Citizens whose telephone records turn into evidence for federal civil suits involving other people may not know about it and can’t do much about it if they do know.
They can challenge subpoenas that phone companies receive, if the companies elect to notify them, but they must move at lightning speed.
Depending upon the scope of the requests, it may be difficult to challenge the subpoena even if the citizen has notice that it was issued.
Court rules that protect those who receive subpoenas don’t necessarily protect phone owners like the editor of this newspaper, whose phone company received a subpoena for seven years of her cellular phone records.
She received a notice of the subpoena from AT&T, though AT&T stated in its letter that no law requires a notice.
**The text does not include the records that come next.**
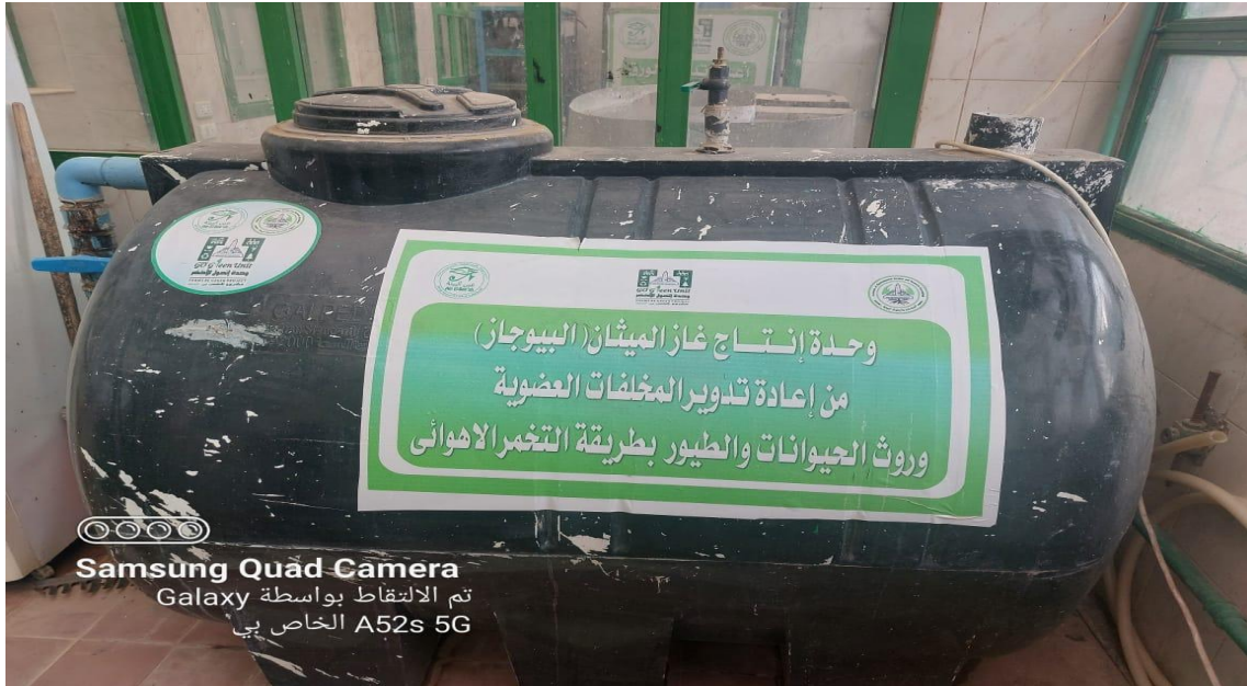
Samsung Quad Camera Galaxy تم الالتقاط بواسطة A52s 5G الخاص بي
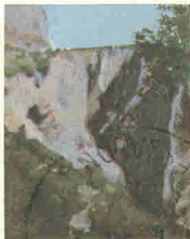
Χαράδρα του Βίκου
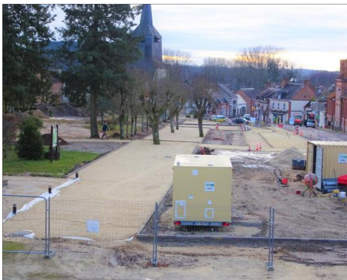
Travaux de revitalisation du Centre Bourg en photos
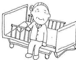
両足をしっかりと床につけて立ちましょう!
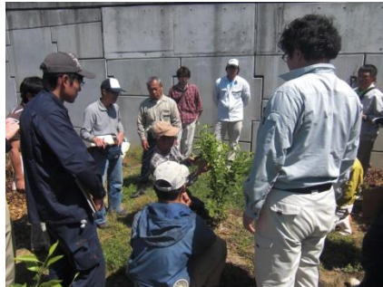
アグリビギナー研修
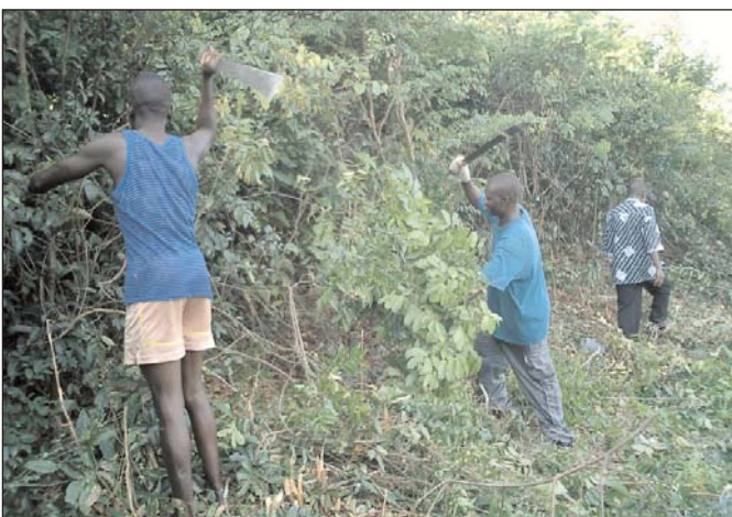
Ein neuer Teil vom Feld wird für den Anbau vorbereitet
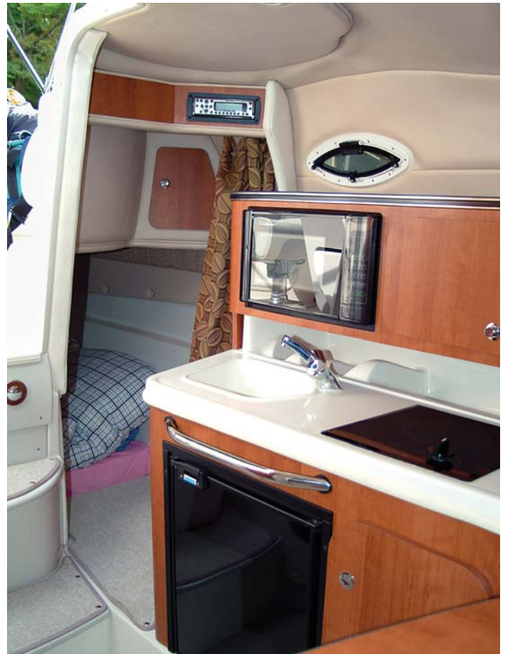
Na levé straně je klasická kuchyňská linka s mnoha úložnými prostory, vaříčem a dřezem.

Po krátkém seznámení pomalu vyplouváme na otevřenou vodu a v úseku, kde je to dovolené, rozjíždíme loď do skluzu. Přechod do skluzu je plynulý a velmi svižný. Stačí standardní práce s trimem motoru a plynovou pákou. Z místa řidiče je dobrý výhled i při rozjezdu. Během celého testu jsme měli pone-
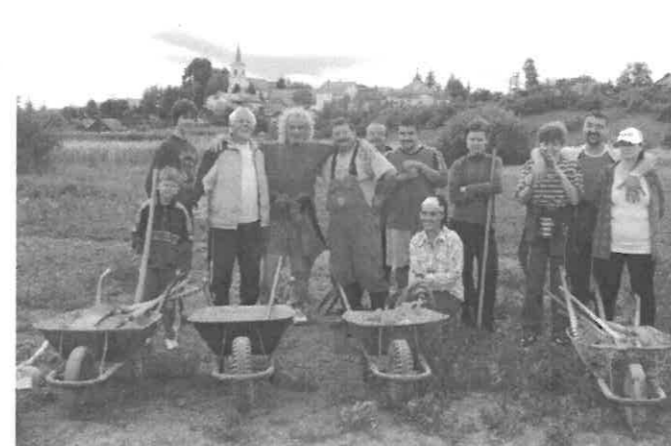
Akik a végére maradtak...

másfél földkupacot is sikerül szétteríteni. A szervezők nevében ezúton is köszönetemet fejezném ki mindazoknak, akik részt vettek a meghirdetett társadalmi munkában, és ha csak kis mértékben is, de ezzel is hozzájárultak településünk fejlődéséhez. Várunk MINDENKIT legközelebb a meghirdetett időpontban! Figyeljék felhívásunkat a tv-ben vagy a plakátokon!
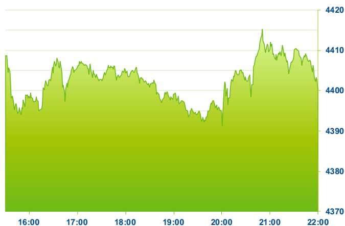
S&P 500 (předchozí den)

Změna kursu futures na americké indexy se počítá vzhledem k poslednímu vypořádání předchozího dne v 22:15. Změna kursu futures na DAX a Euro Stoxx 50 se počítá vzhledem k 22:30 předchozího dne. Změna kursu japonského indexu Nikkei 225 se počítá vzhledem k uzavření předchozího dne v 7:10. Změna kursu čínského Shanghai Composite se počítá vzhledem k uzavření předchozího dne v 08:00. Změna kursu hongkongského Hang Seng se počítá vzhledem k uzavření předchozího dne v 9:20. Do této doby se index také obchoduje, uvedená hodnota tedy není závěr dnešního dne, ale poslední zachycený kurs v probíhajícím obchodování. Změna kursu měnových párů se počítá vzhledem k 22:50 předchozího dne. Změna kursu komodit se počítá vzhledem ke kursu v 23:45 předchozího dne. Uvedené časy jsou ve středoevropském čase (SEČ).

AT&T advised that if she had questions or wanted to quash the subpoena, she should call the Chicago lawyer who signed it. It gave his number.
Just as AT&T didn’t have to tell its customer it received a subpoena, the Chicago lawyer didn’t have to tell Chief District Judge David Herndon that he would serve it.
A subpoena in a federal civil suit does not require a judge’s signature, so a lawyer authorized to practice in that court can sign and serve a subpoena.
Federal courts provide blank subpoena forms on hand for use by lawyers who ask for them.
The rules for subpoenas contain only one provision for a person affected by a subpoena that someone else received.
The provision allows a judge to quash a subpoena if, for example, the affected person shows it would reveal a trade secret, confidential research or commercial matter, or would require the affected person to incur substantial expense to travel to attend a trial.